(Data entries)
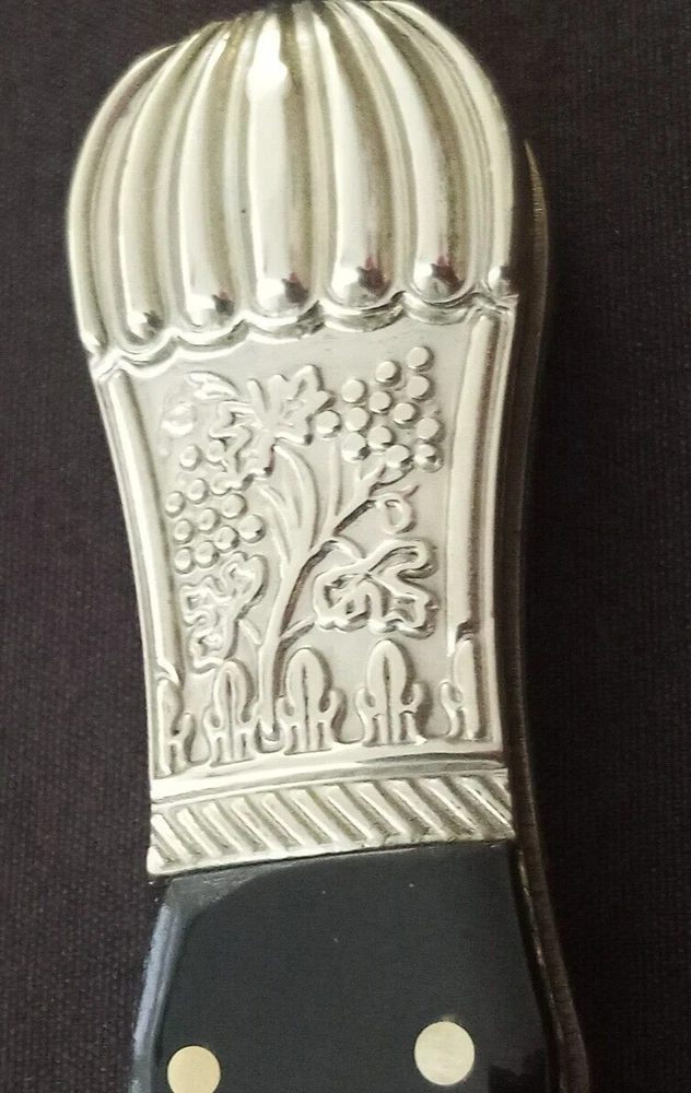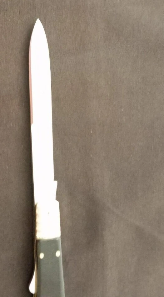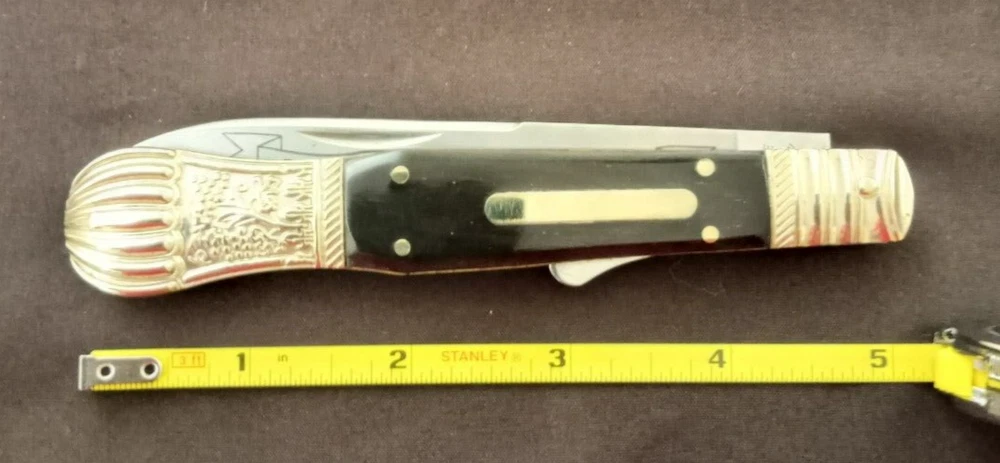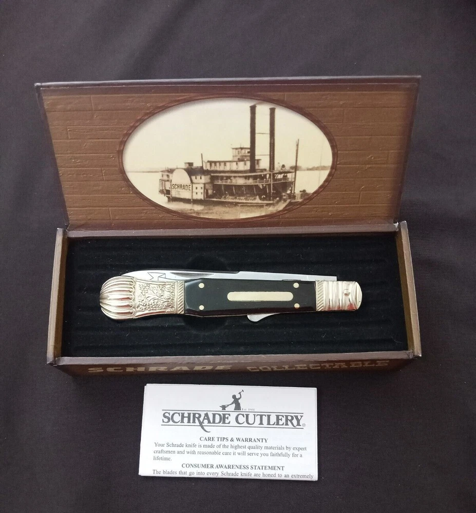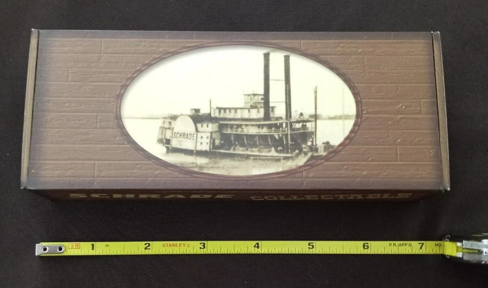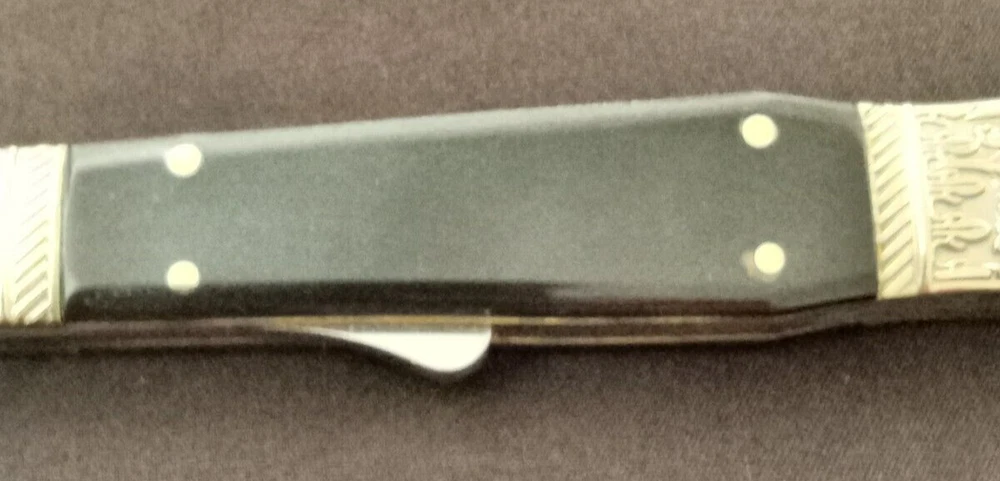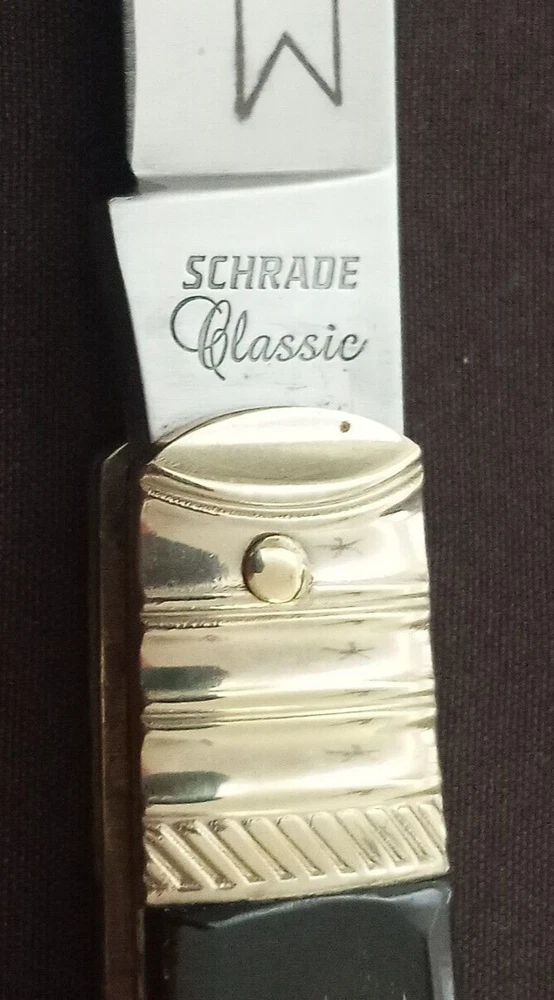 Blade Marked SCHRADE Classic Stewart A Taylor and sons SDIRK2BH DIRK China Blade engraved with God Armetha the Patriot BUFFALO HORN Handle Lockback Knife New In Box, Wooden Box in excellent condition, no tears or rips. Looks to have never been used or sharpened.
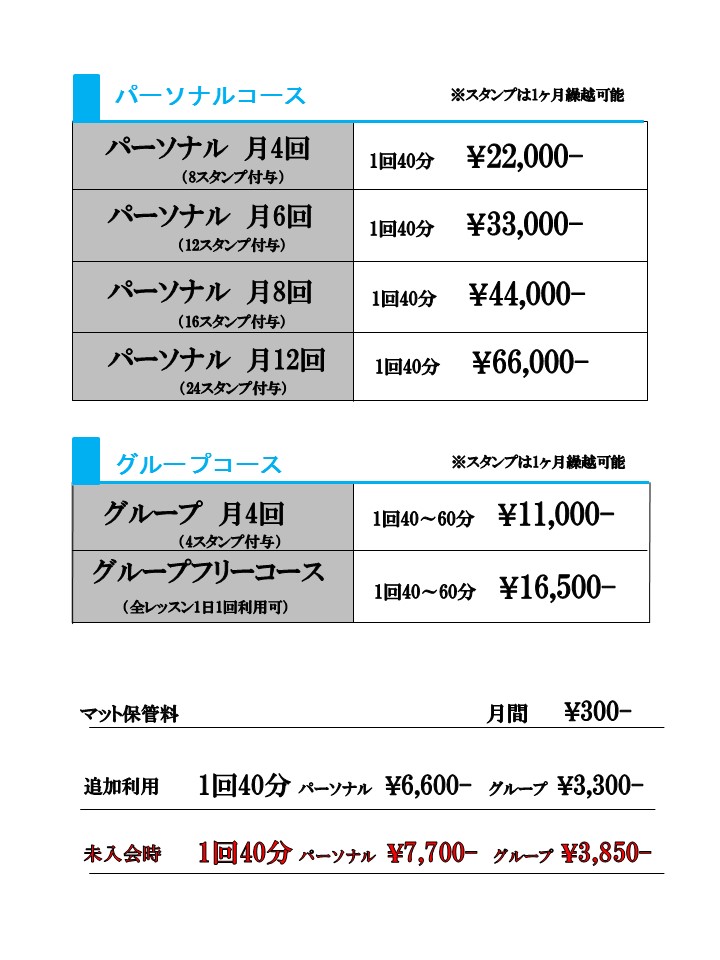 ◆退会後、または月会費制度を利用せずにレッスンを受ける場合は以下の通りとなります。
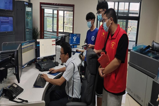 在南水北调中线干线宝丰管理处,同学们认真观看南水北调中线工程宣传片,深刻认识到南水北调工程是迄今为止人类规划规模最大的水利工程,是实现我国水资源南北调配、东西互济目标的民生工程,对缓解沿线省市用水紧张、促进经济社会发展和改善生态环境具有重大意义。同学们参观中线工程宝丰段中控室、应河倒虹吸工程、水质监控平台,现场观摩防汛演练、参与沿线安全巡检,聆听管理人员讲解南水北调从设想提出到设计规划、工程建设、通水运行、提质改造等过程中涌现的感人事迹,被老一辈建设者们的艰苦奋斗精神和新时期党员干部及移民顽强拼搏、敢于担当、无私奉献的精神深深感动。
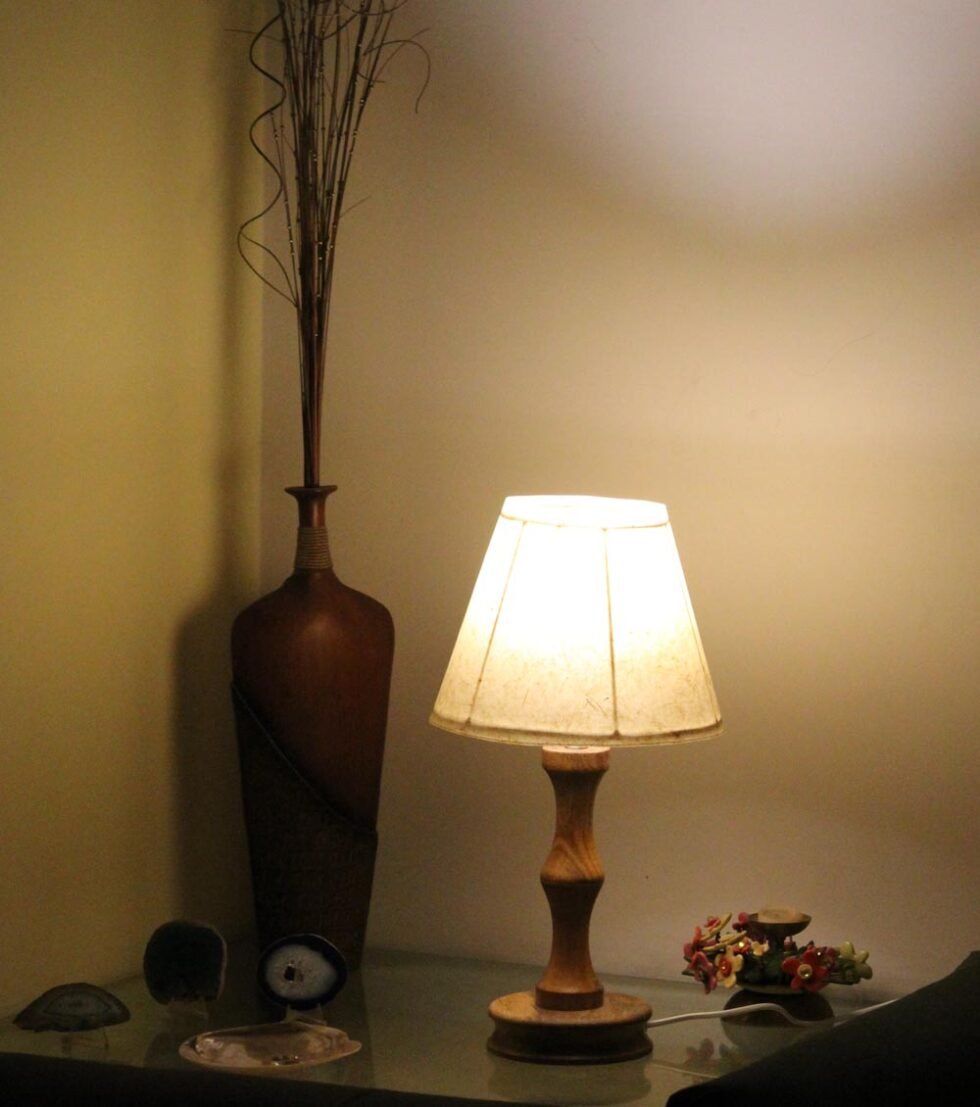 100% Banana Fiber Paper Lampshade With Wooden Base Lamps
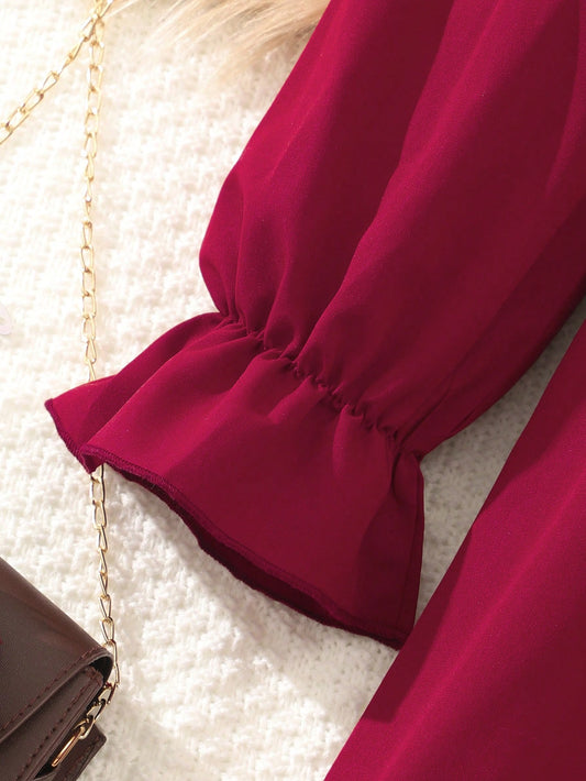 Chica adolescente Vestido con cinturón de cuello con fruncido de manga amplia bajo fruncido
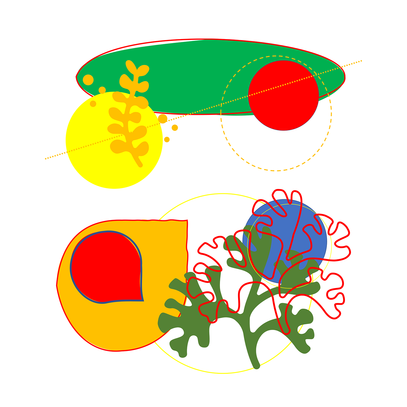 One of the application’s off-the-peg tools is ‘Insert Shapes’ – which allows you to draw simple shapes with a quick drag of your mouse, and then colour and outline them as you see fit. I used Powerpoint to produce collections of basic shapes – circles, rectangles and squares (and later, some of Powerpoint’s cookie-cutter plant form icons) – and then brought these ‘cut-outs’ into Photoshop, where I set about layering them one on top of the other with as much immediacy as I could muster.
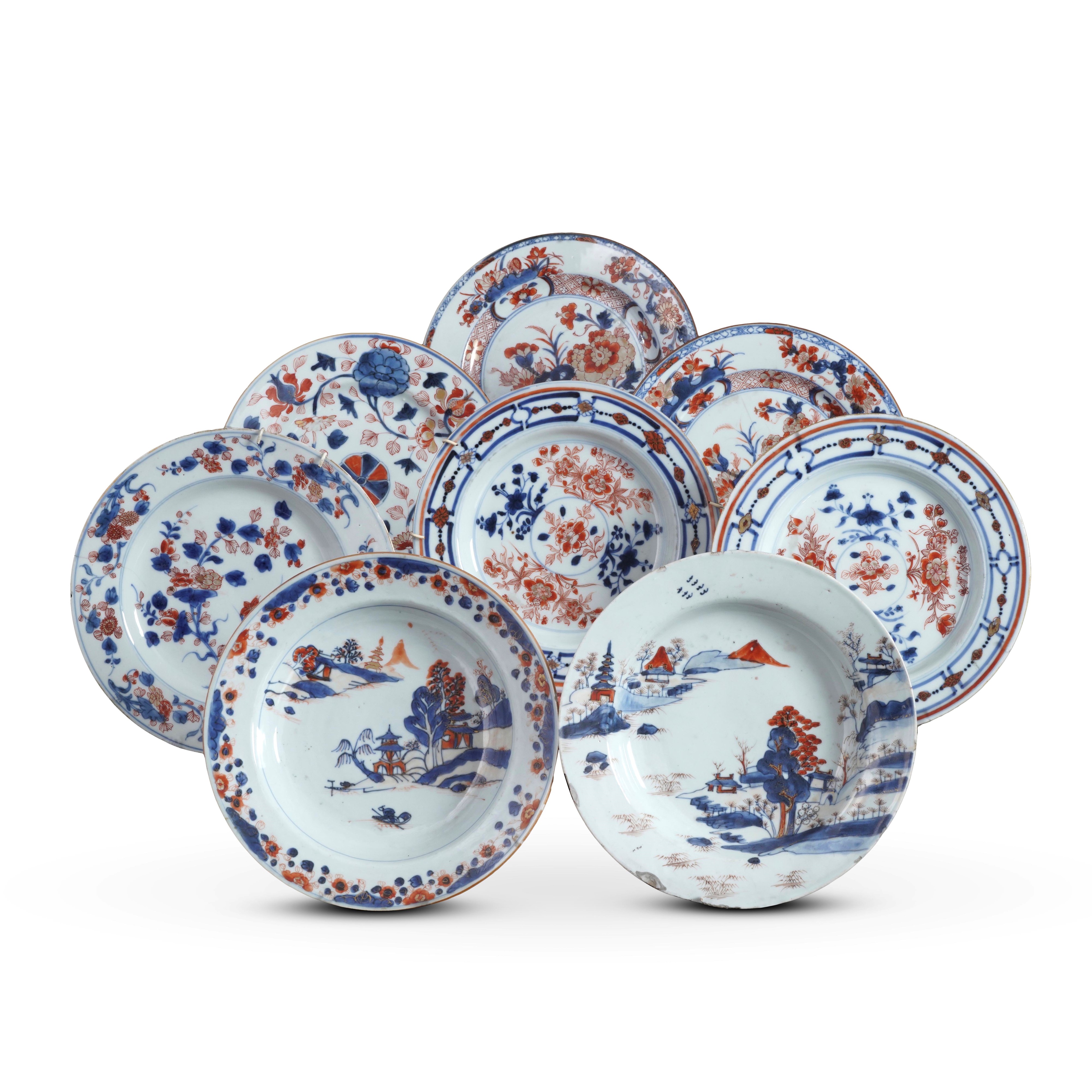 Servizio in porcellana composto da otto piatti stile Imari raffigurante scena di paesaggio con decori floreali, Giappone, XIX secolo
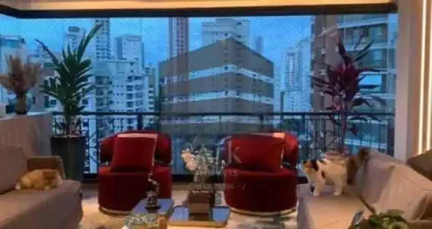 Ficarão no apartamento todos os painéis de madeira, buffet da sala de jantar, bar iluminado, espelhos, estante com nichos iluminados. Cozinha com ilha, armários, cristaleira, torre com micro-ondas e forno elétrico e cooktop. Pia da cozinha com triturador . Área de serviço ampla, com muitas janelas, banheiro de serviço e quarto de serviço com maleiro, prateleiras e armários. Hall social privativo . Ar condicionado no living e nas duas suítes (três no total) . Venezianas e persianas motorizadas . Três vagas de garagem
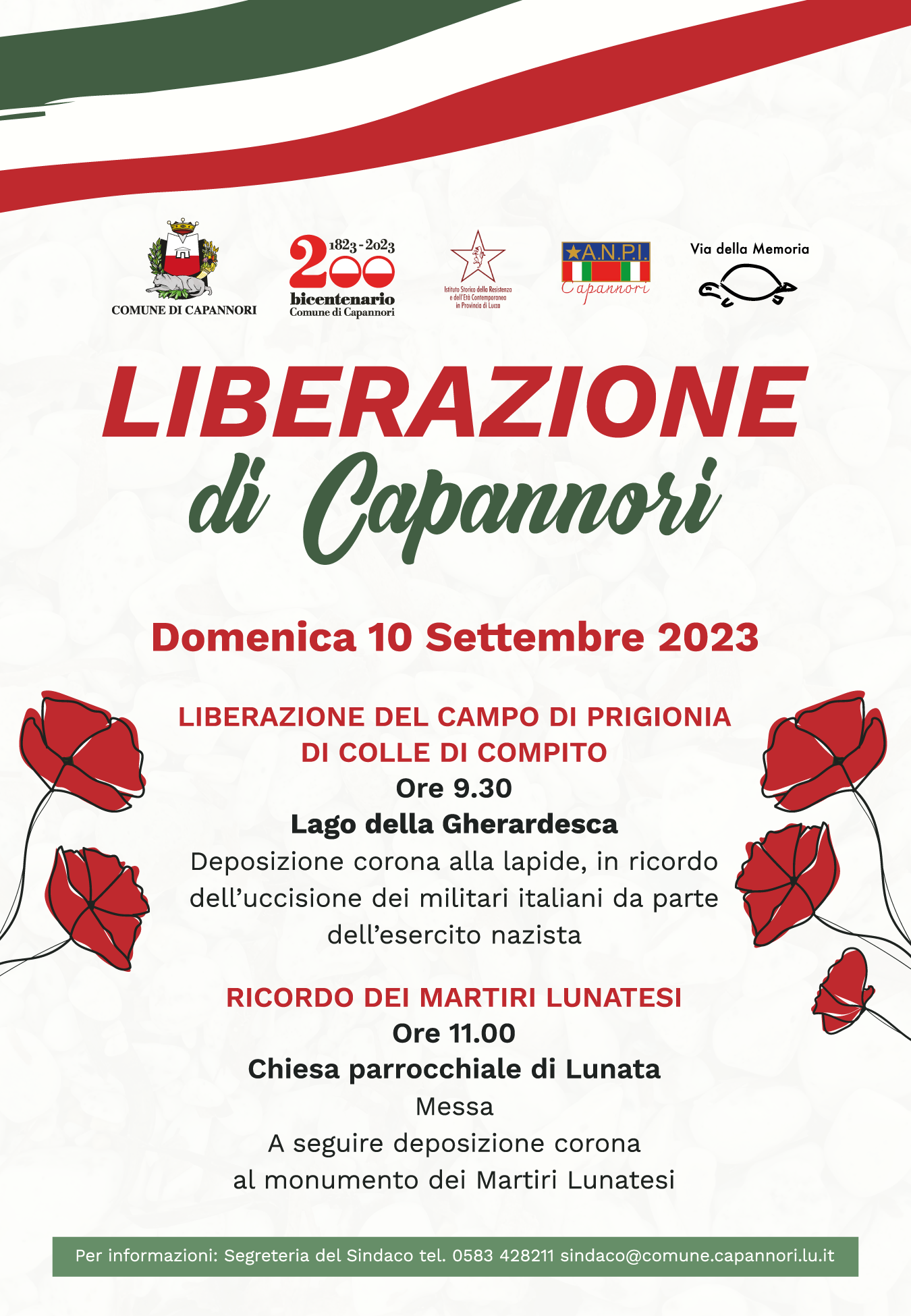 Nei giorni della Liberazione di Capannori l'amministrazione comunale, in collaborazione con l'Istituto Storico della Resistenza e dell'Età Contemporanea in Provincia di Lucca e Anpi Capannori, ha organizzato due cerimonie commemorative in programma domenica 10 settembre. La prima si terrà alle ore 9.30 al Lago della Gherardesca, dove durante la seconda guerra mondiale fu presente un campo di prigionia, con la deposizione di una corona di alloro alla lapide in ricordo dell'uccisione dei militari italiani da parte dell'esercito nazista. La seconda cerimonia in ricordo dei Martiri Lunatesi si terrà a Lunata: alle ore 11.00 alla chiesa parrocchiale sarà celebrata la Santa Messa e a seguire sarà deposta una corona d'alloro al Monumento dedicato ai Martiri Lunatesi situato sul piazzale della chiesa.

● Your objective: Could you set down every entry again exactly as written, leaving out any pictures?

● Answer below:
 Blade Marked SCHRADE Classic Stewart A Taylor and sons SDIRK2BH DIRK China Blade engraved with God Armetha the Patriot BUFFALO HORN Handle Lockback Knife New In Box, Wooden Box in excellent condition, no tears or rips. Looks to have never been used or sharpened.
 ◆退会後、または月会費制度を利用せずにレッスンを受ける場合は以下の通りとなります。
 在南水北调中线干线宝丰管理处,同学们认真观看南水北调中线工程宣传片,深刻认识到南水北调工程是迄今为止人类规划规模最大的水利工程,是实现我国水资源南北调配、东西互济目标的民生工程,对缓解沿线省市用水紧张、促进经济社会发展和改善生态环境具有重大意义。同学们参观中线工程宝丰段中控室、应河倒虹吸工程、水质监控平台,现场观摩防汛演练、参与沿线安全巡检,聆听管理人员讲解南水北调从设想提出到设计规划、工程建设、通水运行、提质改造等过程中涌现的感人事迹,被老一辈建设者们的艰苦奋斗精神和新时期党员干部及移民顽强拼搏、敢于担当、无私奉献的精神深深感动。
 100% Banana Fiber Paper Lampshade With Wooden Base Lamps
 Chica adolescente Vestido con cinturón de cuello con fruncido de manga amplia bajo fruncido
 One of the application’s off-the-peg tools is ‘Insert Shapes’ – which allows you to draw simple shapes with a quick drag of your mouse, and then colour and outline them as you see fit. I used Powerpoint to produce collections of basic shapes – circles, rectangles and squares (and later, some of Powerpoint’s cookie-cutter plant form icons) – and then brought these ‘cut-outs’ into Photoshop, where I set about layering them one on top of the other with as much immediacy as I could muster.
 Servizio in porcellana composto da otto piatti stile Imari raffigurante scena di paesaggio con decori floreali, Giappone, XIX secolo
 Ficarão no apartamento todos os painéis de madeira, buffet da sala de jantar, bar iluminado, espelhos, estante com nichos iluminados. Cozinha com ilha, armários, cristaleira, torre com micro-ondas e forno elétrico e cooktop. Pia da cozinha com triturador . Área de serviço ampla, com muitas janelas, banheiro de serviço e quarto de serviço com maleiro, prateleiras e armários. Hall social privativo . Ar condicionado no living e nas duas suítes (três no total) . Venezianas e persianas motorizadas . Três vagas de garagem
 Nei giorni della Liberazione di Capannori l'amministrazione comunale, in collaborazione con l'Istituto Storico della Resistenza e dell'Età Contemporanea in Provincia di Lucca e Anpi Capannori, ha organizzato due cerimonie commemorative in programma domenica 10 settembre. La prima si terrà alle ore 9.30 al Lago della Gherardesca, dove durante la seconda guerra mondiale fu presente un campo di prigionia, con la deposizione di una corona di alloro alla lapide in ricordo dell'uccisione dei militari italiani da parte dell'esercito nazista. La seconda cerimonia in ricordo dei Martiri Lunatesi si terrà a Lunata: alle ore 11.00 alla chiesa parrocchiale sarà celebrata la Santa Messa e a seguire sarà deposta una corona d'alloro al Monumento dedicato ai Martiri Lunatesi situato sul piazzale della chiesa.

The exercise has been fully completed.